[Items from a data source]
◆ ◆ ◆
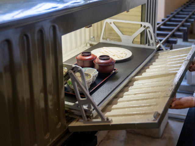 お部屋の前でSLが止まったら、自分たちでSLを開いて料理を取り出します。山梨県の名物といえば、ほうとう!ということで、本日はほうとう鍋を頼みました。
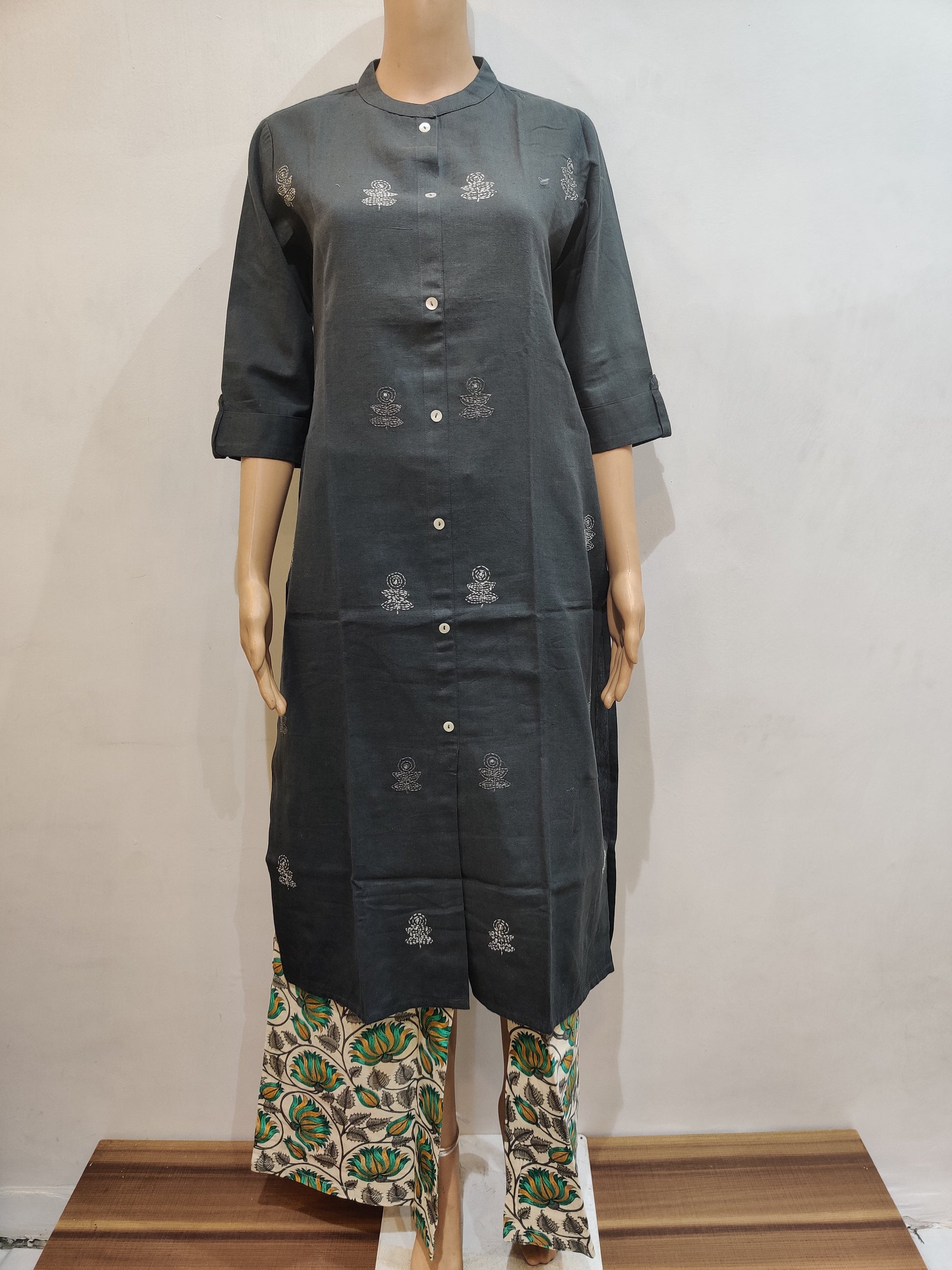 This elegant kurta pant set combines sophistication with comfort in a seamless blend. The kurta features a rich, dark shade that exudes an air of refinement, while the contrasting lighter, patterned design on the pant adds vibrancy to the ensemble.
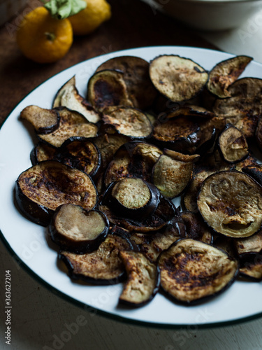 healthy lifestyle, mediterranean, tomatoes, bean, mushroom, capsicum, sunflower-seed, lemon, cucumber, aubergine, whole food, low light, natural light, artisan, specialist, dark, rustic, homemade, farm, wood, home, lifestyle, dish, nourishment, salad, topview, plate, table, dinner, wooden, healthy, food, meat, meal, epicure, pork meat, white, cookery
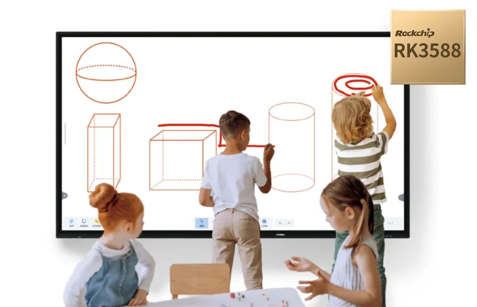 區(qū)別于傳統(tǒng)僅用于教學(xué)演示的大屏,搭載RK3588RC系列集高清顯示、交互式電子白板、電腦、電視、音箱等多功能于一身,可實(shí)現(xiàn)內(nèi)容數(shù)字化和學(xué)情數(shù)據(jù)化,具備人機(jī)交互、智能識(shí)別、學(xué)習(xí)數(shù)據(jù)分析等功能。
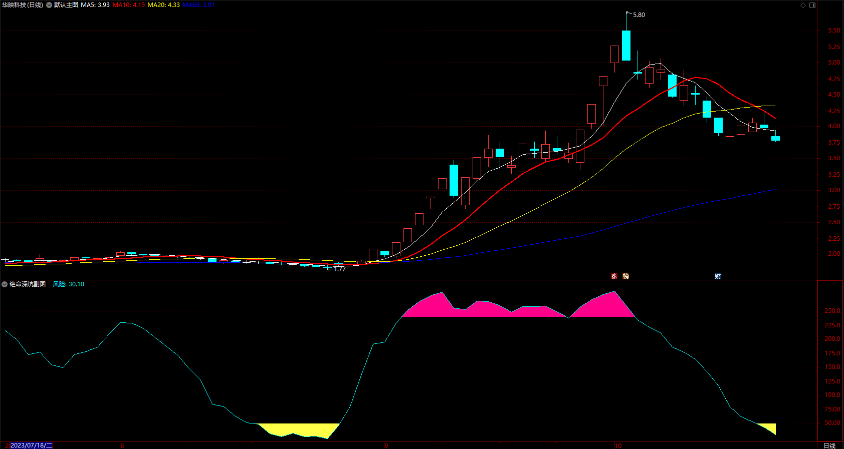 3、波段的顶,在进入风险区时,就要高度警惕,在风险红色区结束时要考虑当前升势已经结束!
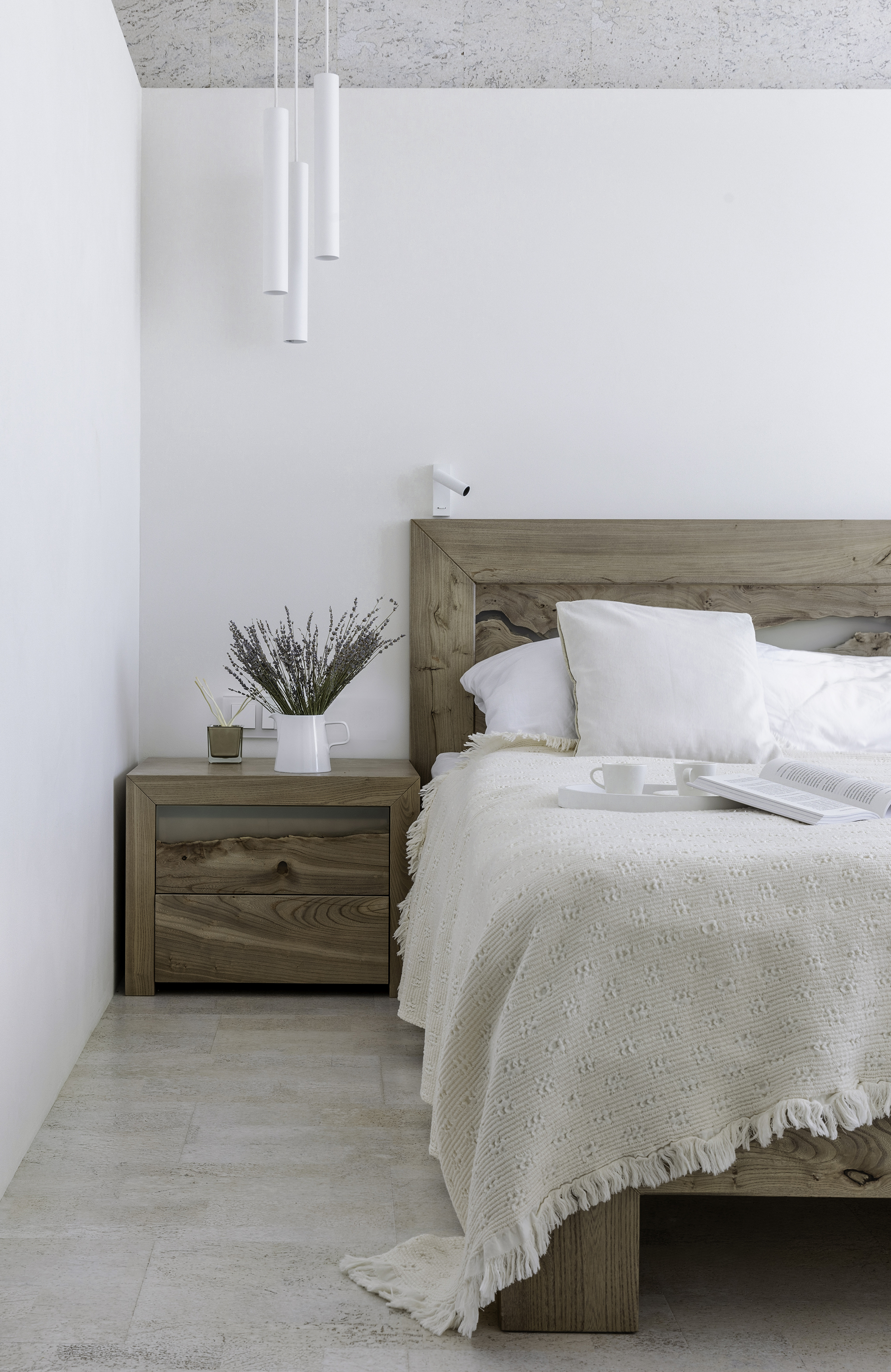 Кровать выделена белой пробкой и объемной конструкцией из гипсокартона с подсветкой по периметру. Основная отделка стен - матовая краска.
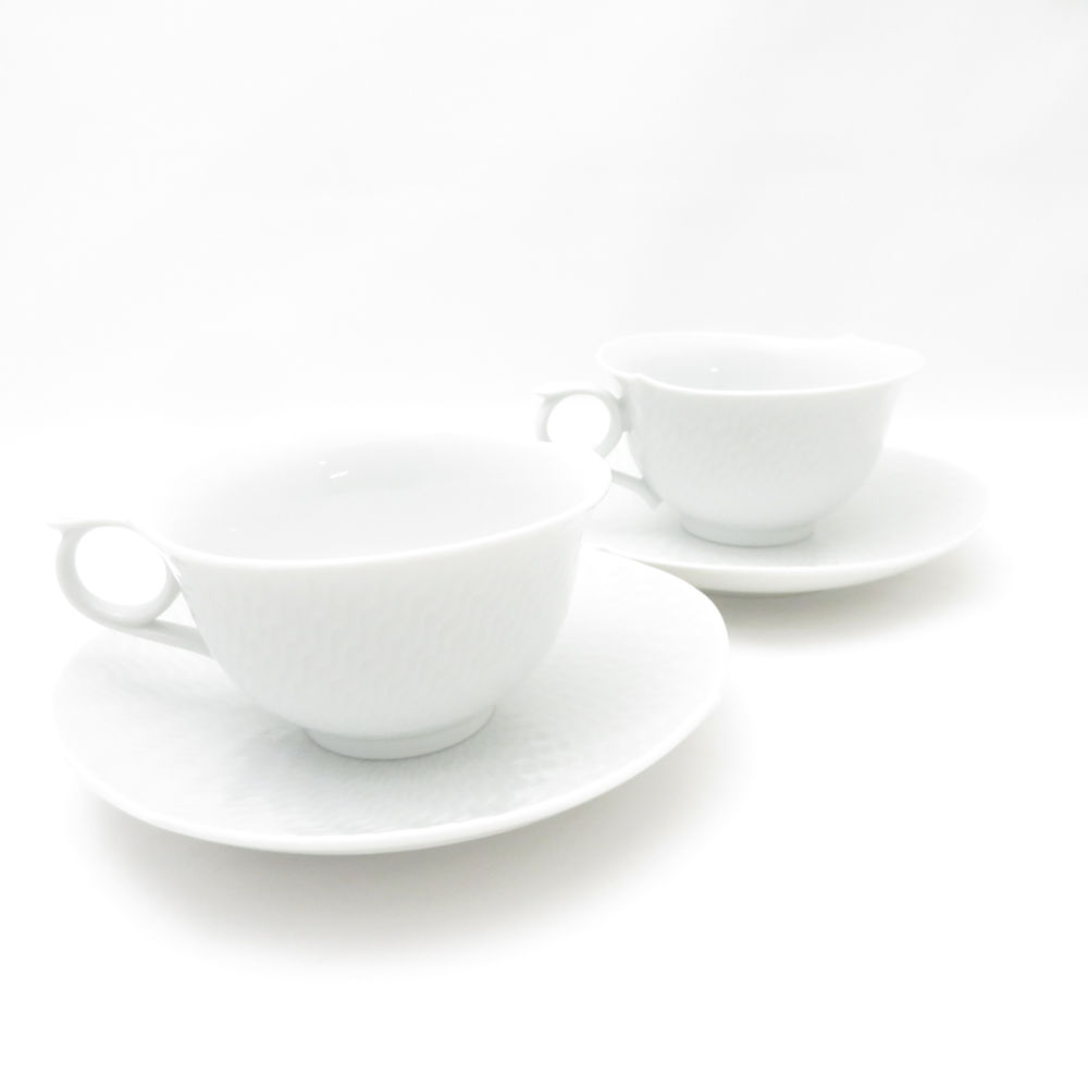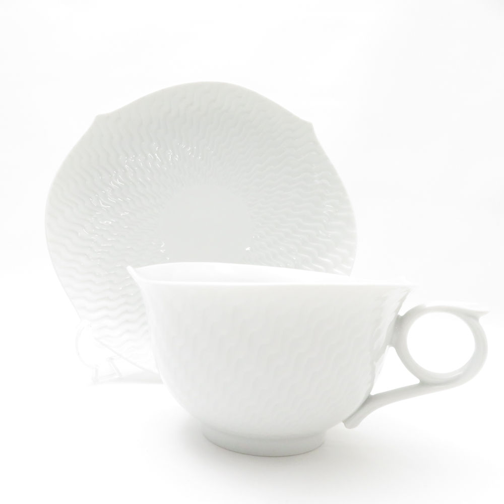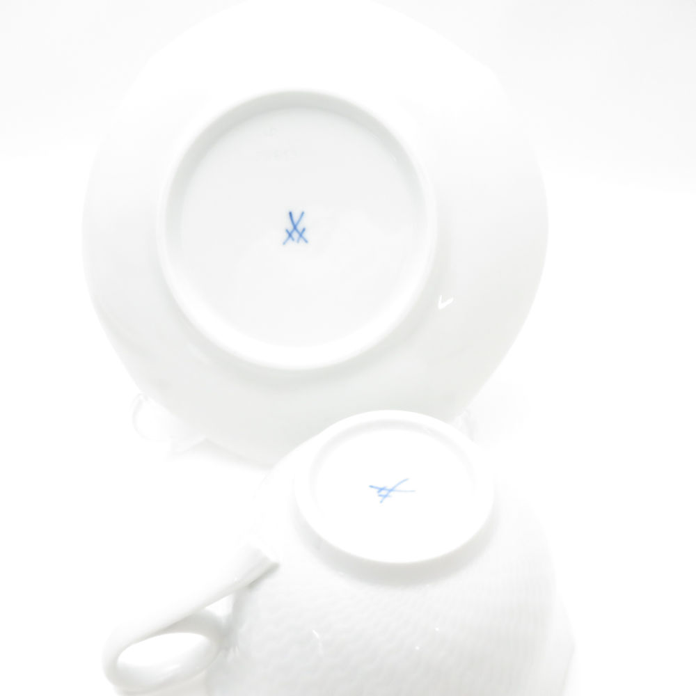 美品 MEISSEN マイセン 波の戯れ ホワイト ティーカップ&ソーサー 2客 ペア SM4377T2 【中古】
◆ ◆ ◆
## What the task requires
Quote, exactly and only, the lines from the first line of the data above through the line containing "This elegant kurta". The pictures do not belong in it.

## Finished exercise
 お部屋の前でSLが止まったら、自分たちでSLを開いて料理を取り出します。山梨県の名物といえば、ほうとう!ということで、本日はほうとう鍋を頼みました。
 This elegant kurta pant set combines sophistication with comfort in a seamless blend. The kurta features a rich, dark shade that exudes an air of refinement, while the contrasting lighter, patterned design on the pant adds vibrancy to the ensemble.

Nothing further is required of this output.